# RECORDED INFORMATION
---------------

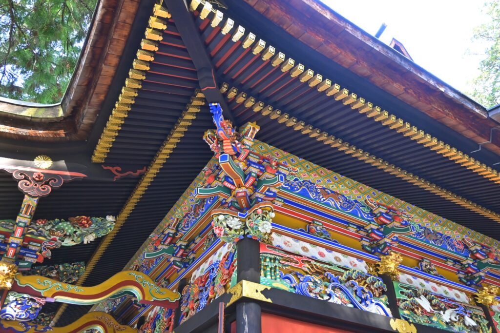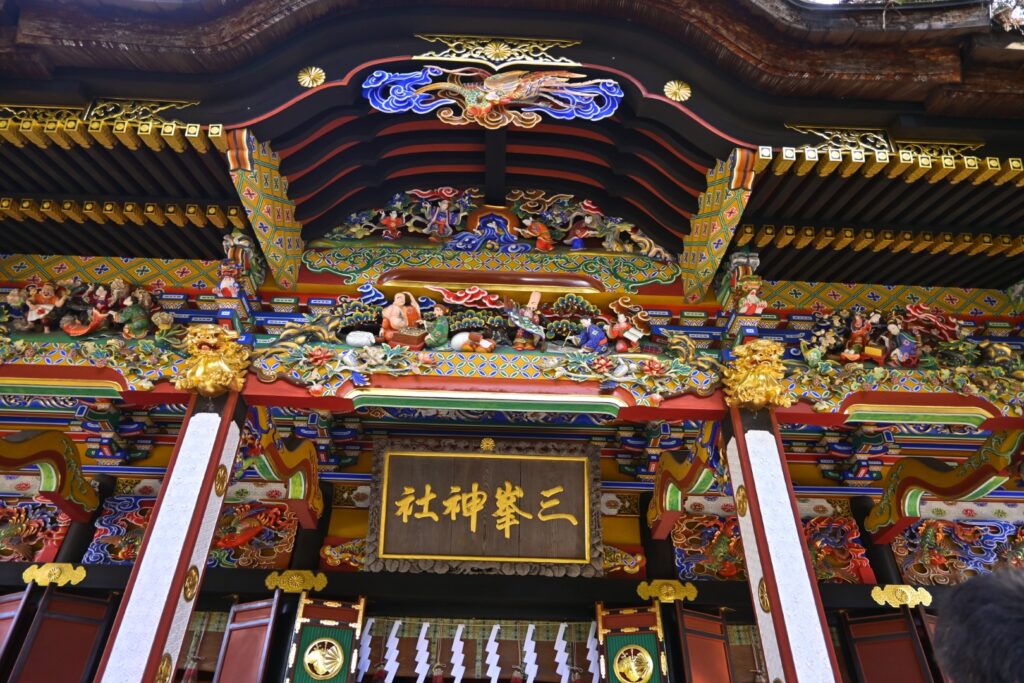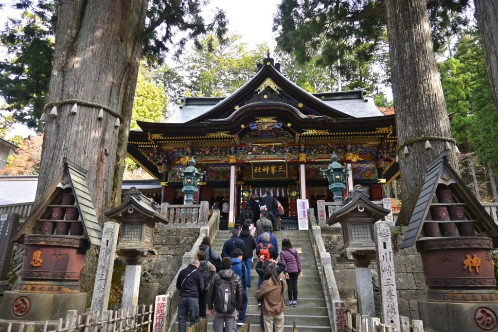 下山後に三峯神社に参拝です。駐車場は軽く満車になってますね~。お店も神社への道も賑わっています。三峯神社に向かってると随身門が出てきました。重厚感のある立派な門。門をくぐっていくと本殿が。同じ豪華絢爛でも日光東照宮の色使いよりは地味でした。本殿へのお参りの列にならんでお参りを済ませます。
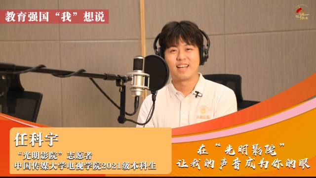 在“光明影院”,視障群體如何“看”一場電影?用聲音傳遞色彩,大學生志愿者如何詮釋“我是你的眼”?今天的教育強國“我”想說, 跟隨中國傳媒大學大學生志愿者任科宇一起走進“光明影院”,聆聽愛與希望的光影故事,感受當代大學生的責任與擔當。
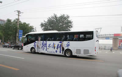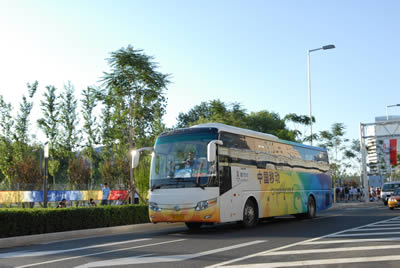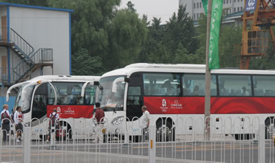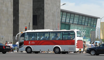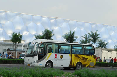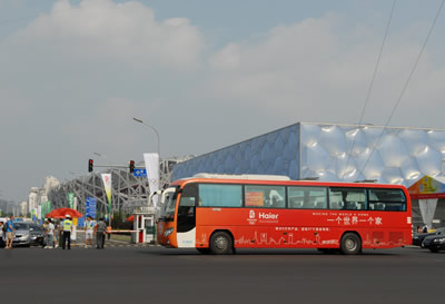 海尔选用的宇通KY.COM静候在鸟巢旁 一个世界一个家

---------------

# TASK STATEMENT
Repeat the material verbatim. Do not carry over any picture.

# ANSWER FOR THE TASK
 下山後に三峯神社に参拝です。駐車場は軽く満車になってますね~。お店も神社への道も賑わっています。三峯神社に向かってると随身門が出てきました。重厚感のある立派な門。門をくぐっていくと本殿が。同じ豪華絢爛でも日光東照宮の色使いよりは地味でした。本殿へのお参りの列にならんでお参りを済ませます。
 在“光明影院”,視障群體如何“看”一場電影?用聲音傳遞色彩,大學生志愿者如何詮釋“我是你的眼”?今天的教育強國“我”想說, 跟隨中國傳媒大學大學生志愿者任科宇一起走進“光明影院”,聆聽愛與希望的光影故事,感受當代大學生的責任與擔當。
 海尔选用的宇通KY.COM静候在鸟巢旁 一个世界一个家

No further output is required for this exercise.